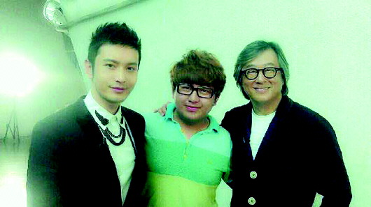 ▲王瑀(中)参加选秀节目时和明星的合影。
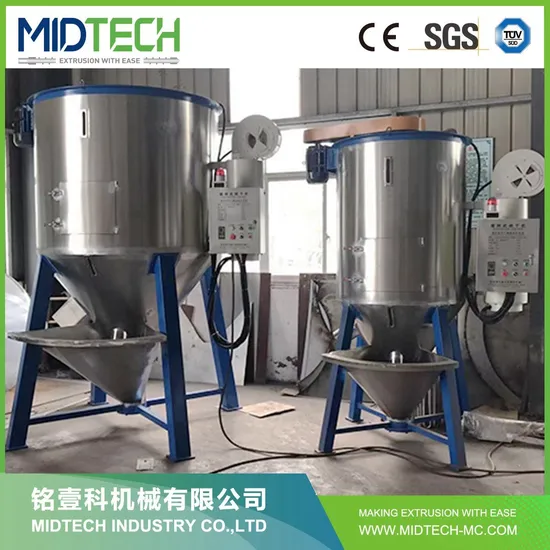 Helical Circular Plastic Pellet Mixer Machine Vertical Blender Plastic Mixer With Drying Product Description The plastic mixing silos is mainly used for the full mixing and drying process of PET,PP,PE,PVC and other plastic raw materials. The equipment are able to perform even mixture for large volume of materials in short mixing time by utilizing the paddles rotation to gatter the materials from the bottom of dump center to the top. Features: Helical circular mixture, fast and evenly stirring Suitable for all kinds of plastic raw materials and color master batch or granules. Customized for drying type model
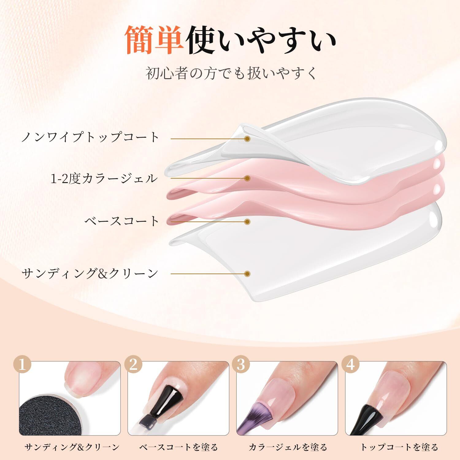 使いやすいジェルタイプで、初心者の方でも短時間で簡単に塗布できます。ジェルネイルを始める方にとっても、安心してご使用いただけるアイテムです。
◇ ◇ ◇
Problem statement: Starting with the line that holds "Helical Circular Plastic", repeat exactly every line through the end of the material above, both ends included, without the pictures.

Output for this exercise:
 Helical Circular Plastic Pellet Mixer Machine Vertical Blender Plastic Mixer With Drying Product Description The plastic mixing silos is mainly used for the full mixing and drying process of PET,PP,PE,PVC and other plastic raw materials. The equipment are able to perform even mixture for large volume of materials in short mixing time by utilizing the paddles rotation to gatter the materials from the bottom of dump center to the top. Features: Helical circular mixture, fast and evenly stirring Suitable for all kinds of plastic raw materials and color master batch or granules. Customized for drying type model
 使いやすいジェルタイプで、初心者の方でも短時間で簡単に塗布できます。ジェルネイルを始める方にとっても、安心してご使用いただけるアイテムです。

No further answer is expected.